*Assigned task*: Emit the data below verbatim, stripping out any pictures.

*Recorded data*:
[Start of section]

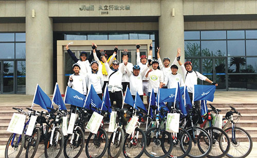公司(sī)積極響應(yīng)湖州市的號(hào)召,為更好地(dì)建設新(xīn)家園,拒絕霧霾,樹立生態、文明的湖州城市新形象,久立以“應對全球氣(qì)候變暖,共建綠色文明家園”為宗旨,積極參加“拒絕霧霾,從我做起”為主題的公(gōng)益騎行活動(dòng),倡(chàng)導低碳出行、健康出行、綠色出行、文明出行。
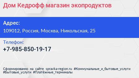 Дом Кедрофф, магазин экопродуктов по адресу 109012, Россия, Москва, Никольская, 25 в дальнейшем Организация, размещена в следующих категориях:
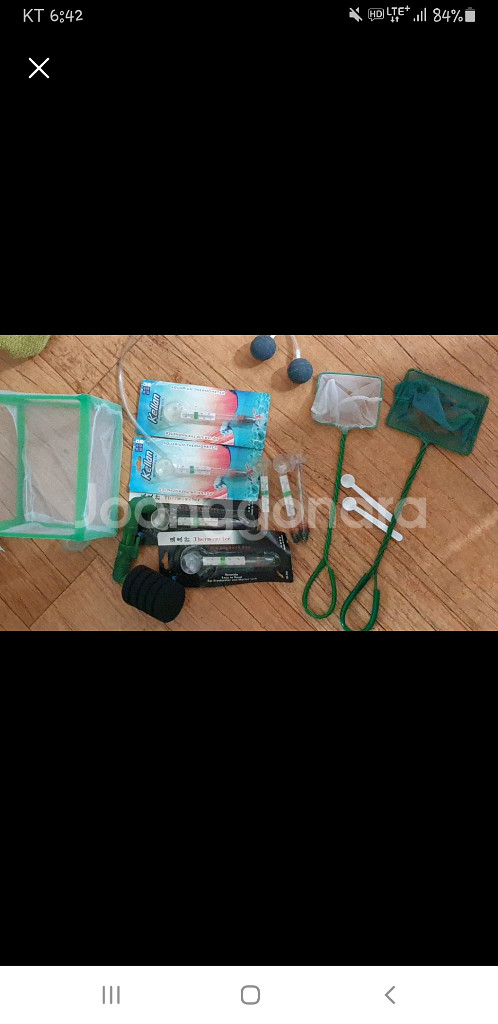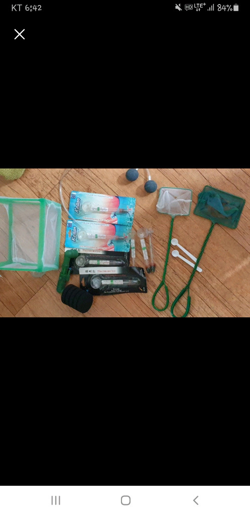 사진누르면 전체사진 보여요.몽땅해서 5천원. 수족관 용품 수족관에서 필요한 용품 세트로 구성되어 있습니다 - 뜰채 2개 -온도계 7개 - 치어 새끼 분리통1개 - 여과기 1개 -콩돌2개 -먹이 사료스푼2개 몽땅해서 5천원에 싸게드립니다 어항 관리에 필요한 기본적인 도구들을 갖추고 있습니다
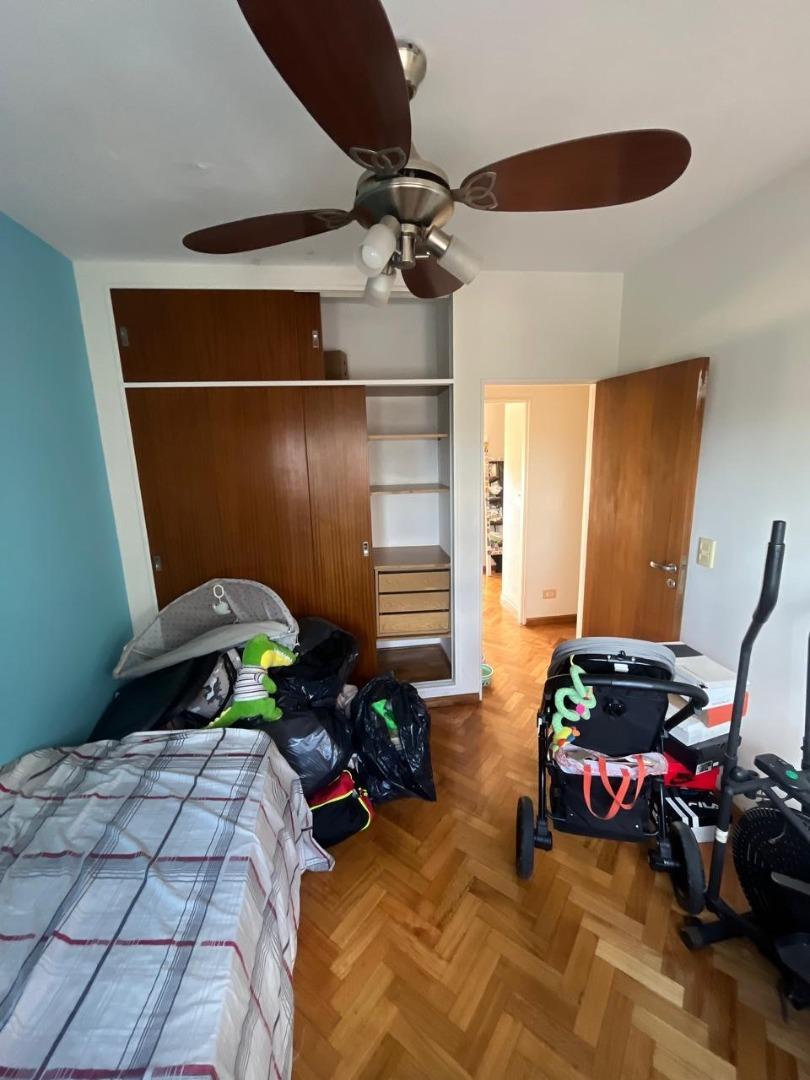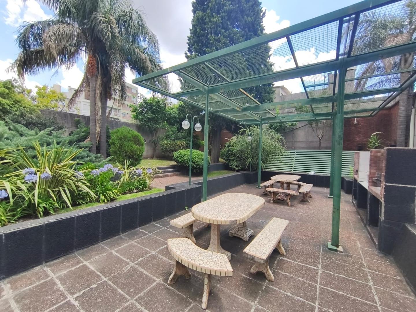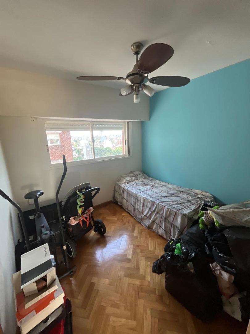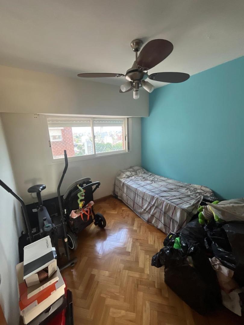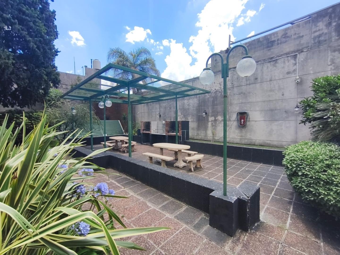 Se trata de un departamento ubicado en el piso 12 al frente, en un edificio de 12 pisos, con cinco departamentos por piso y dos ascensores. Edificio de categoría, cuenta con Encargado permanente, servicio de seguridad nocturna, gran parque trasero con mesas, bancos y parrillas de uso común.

[End of section]

*Written answer*:
公司(sī)積極響應(yīng)湖州市的號(hào)召,為更好地(dì)建設新(xīn)家園,拒絕霧霾,樹立生態、文明的湖州城市新形象,久立以“應對全球氣(qì)候變暖,共建綠色文明家園”為宗旨,積極參加“拒絕霧霾,從我做起”為主題的公(gōng)益騎行活動(dòng),倡(chàng)導低碳出行、健康出行、綠色出行、文明出行。
 Дом Кедрофф, магазин экопродуктов по адресу 109012, Россия, Москва, Никольская, 25 в дальнейшем Организация, размещена в следующих категориях:
 사진누르면 전체사진 보여요.몽땅해서 5천원. 수족관 용품 수족관에서 필요한 용품 세트로 구성되어 있습니다 - 뜰채 2개 -온도계 7개 - 치어 새끼 분리통1개 - 여과기 1개 -콩돌2개 -먹이 사료스푼2개 몽땅해서 5천원에 싸게드립니다 어항 관리에 필요한 기본적인 도구들을 갖추고 있습니다
 Se trata de un departamento ubicado en el piso 12 al frente, en un edificio de 12 pisos, con cinco departamentos por piso y dos ascensores. Edificio de categoría, cuenta con Encargado permanente, servicio de seguridad nocturna, gran parque trasero con mesas, bancos y parrillas de uso común.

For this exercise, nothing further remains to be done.